WHAT THE TASK REQUIRES ::
Reproduce everything from the line that contains "2022.05.14回收拆解統(tǒng)計(jì)表" down to the line that contains "Mysig grå stickad" in the listing below, word for word and nothing more. Leave the pictures out.

WORKING DATA ::
★ ★ ★ ★ ★ ★ ★
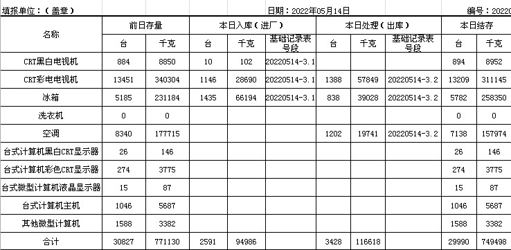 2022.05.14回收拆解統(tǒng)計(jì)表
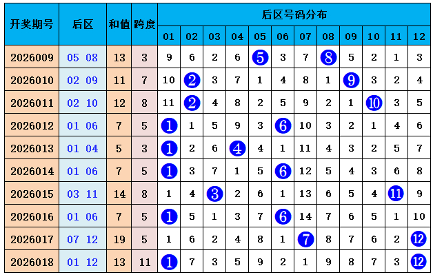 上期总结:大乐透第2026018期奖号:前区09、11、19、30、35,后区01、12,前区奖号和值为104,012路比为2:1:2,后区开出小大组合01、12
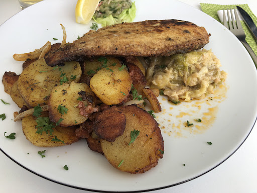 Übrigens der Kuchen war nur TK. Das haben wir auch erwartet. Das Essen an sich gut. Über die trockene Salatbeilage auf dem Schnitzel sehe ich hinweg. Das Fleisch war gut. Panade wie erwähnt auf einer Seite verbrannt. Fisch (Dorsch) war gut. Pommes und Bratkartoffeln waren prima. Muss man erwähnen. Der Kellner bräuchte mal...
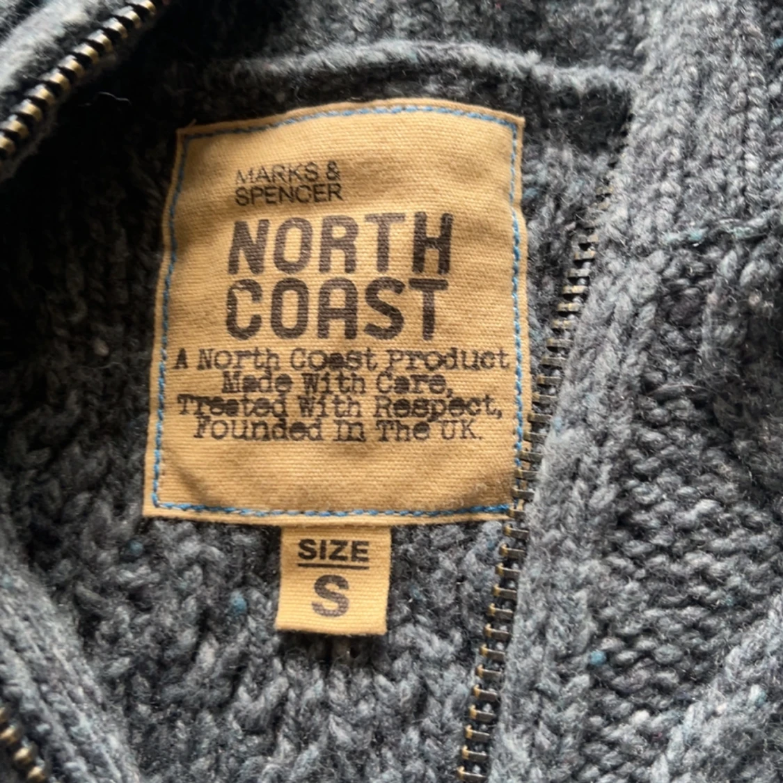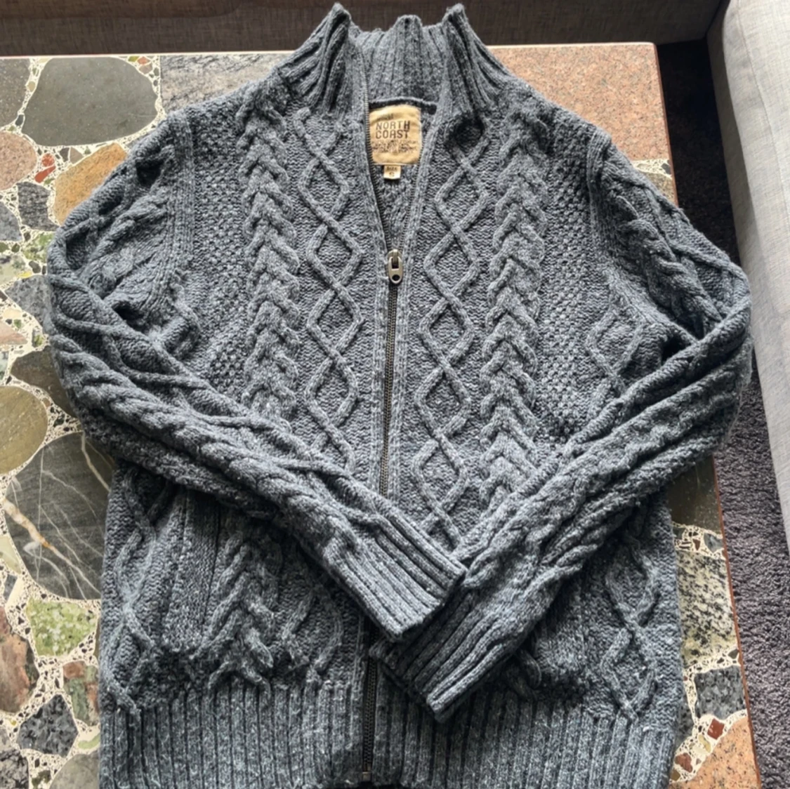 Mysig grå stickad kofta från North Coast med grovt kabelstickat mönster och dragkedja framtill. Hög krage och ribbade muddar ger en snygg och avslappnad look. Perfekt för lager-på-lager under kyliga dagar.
★ ★ ★ ★ ★ ★ ★
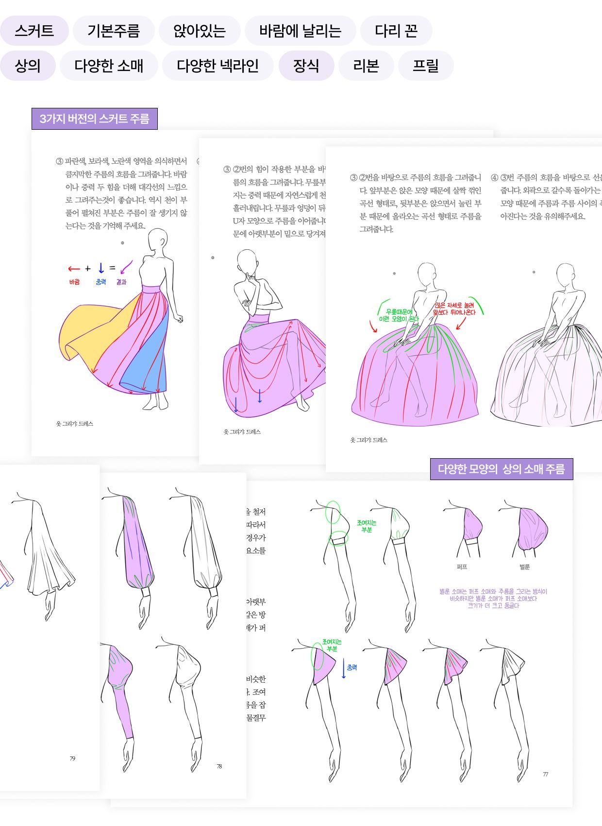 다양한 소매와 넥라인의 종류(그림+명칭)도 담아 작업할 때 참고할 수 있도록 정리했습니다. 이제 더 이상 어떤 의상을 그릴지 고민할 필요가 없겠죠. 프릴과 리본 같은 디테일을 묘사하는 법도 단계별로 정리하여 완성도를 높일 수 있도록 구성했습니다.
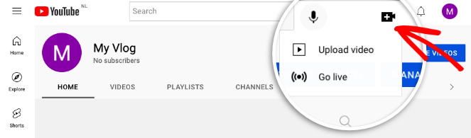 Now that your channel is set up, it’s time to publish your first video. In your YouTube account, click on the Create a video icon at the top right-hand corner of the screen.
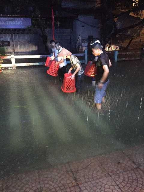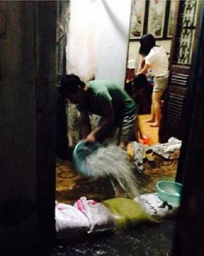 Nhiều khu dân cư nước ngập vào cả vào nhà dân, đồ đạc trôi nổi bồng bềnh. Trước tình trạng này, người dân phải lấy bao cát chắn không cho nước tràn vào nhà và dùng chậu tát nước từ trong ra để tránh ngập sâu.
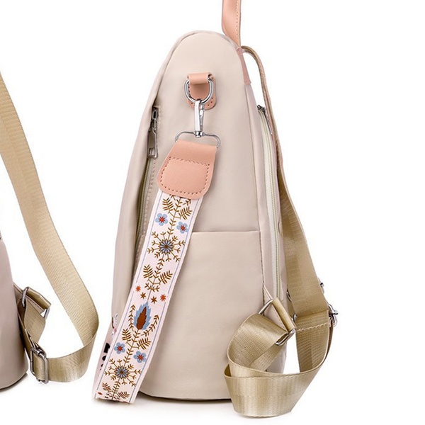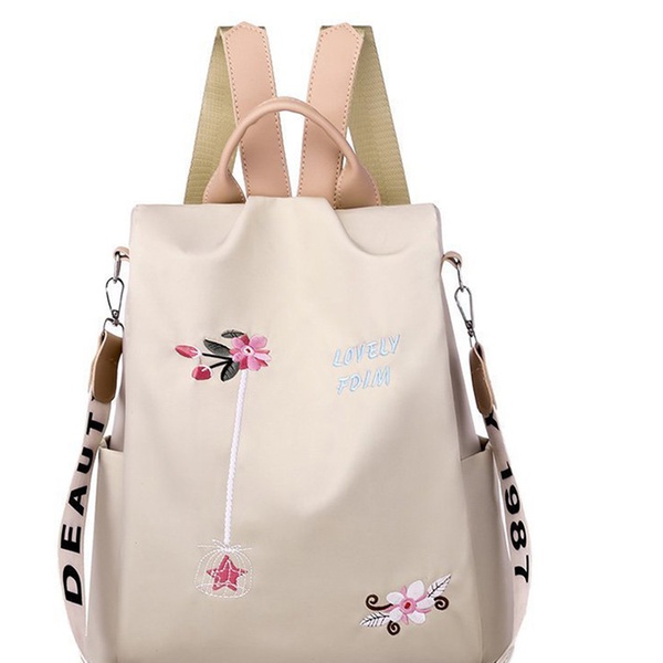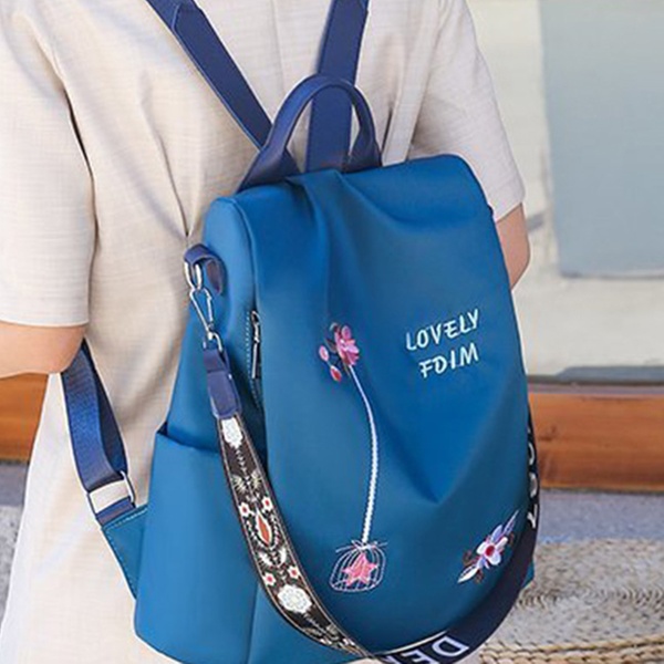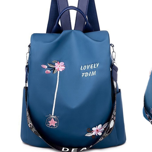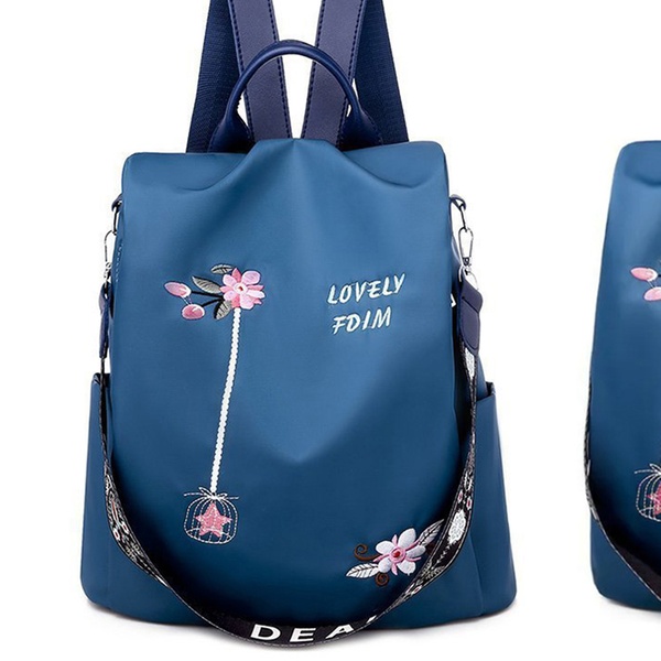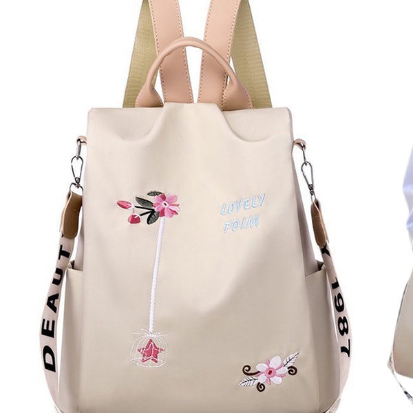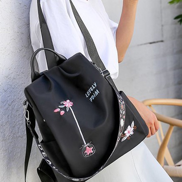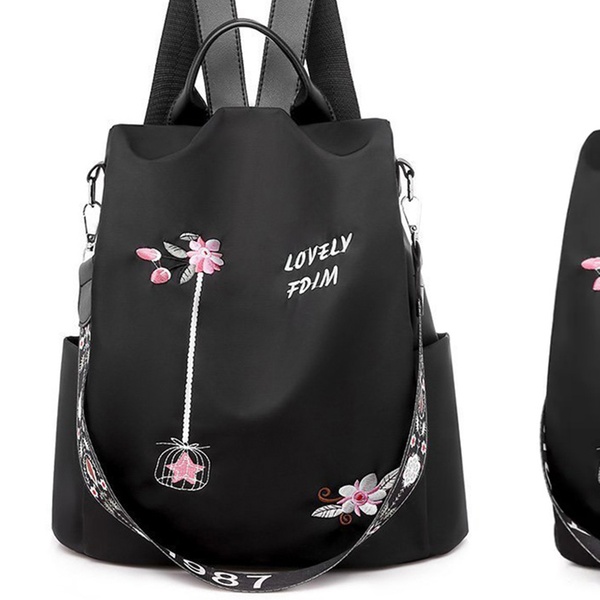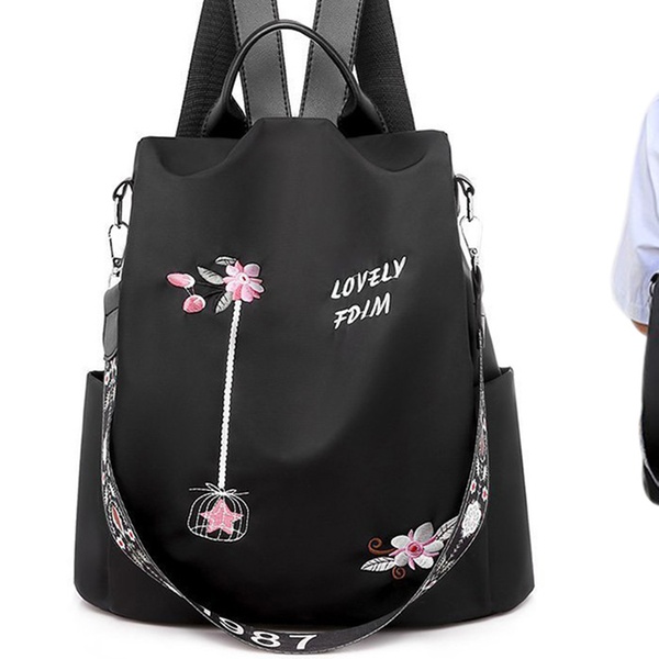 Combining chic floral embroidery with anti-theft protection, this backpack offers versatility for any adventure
★ ★ ★ ★ ★ ★ ★
RESULT FOR THIS TASK ::
 2022.05.14回收拆解統(tǒng)計(jì)表
 上期总结:大乐透第2026018期奖号:前区09、11、19、30、35,后区01、12,前区奖号和值为104,012路比为2:1:2,后区开出小大组合01、12
 Übrigens der Kuchen war nur TK. Das haben wir auch erwartet. Das Essen an sich gut. Über die trockene Salatbeilage auf dem Schnitzel sehe ich hinweg. Das Fleisch war gut. Panade wie erwähnt auf einer Seite verbrannt. Fisch (Dorsch) war gut. Pommes und Bratkartoffeln waren prima. Muss man erwähnen. Der Kellner bräuchte mal...
 Mysig grå stickad kofta från North Coast med grovt kabelstickat mönster och dragkedja framtill. Hög krage och ribbade muddar ger en snygg och avslappnad look. Perfekt för lager-på-lager under kyliga dagar.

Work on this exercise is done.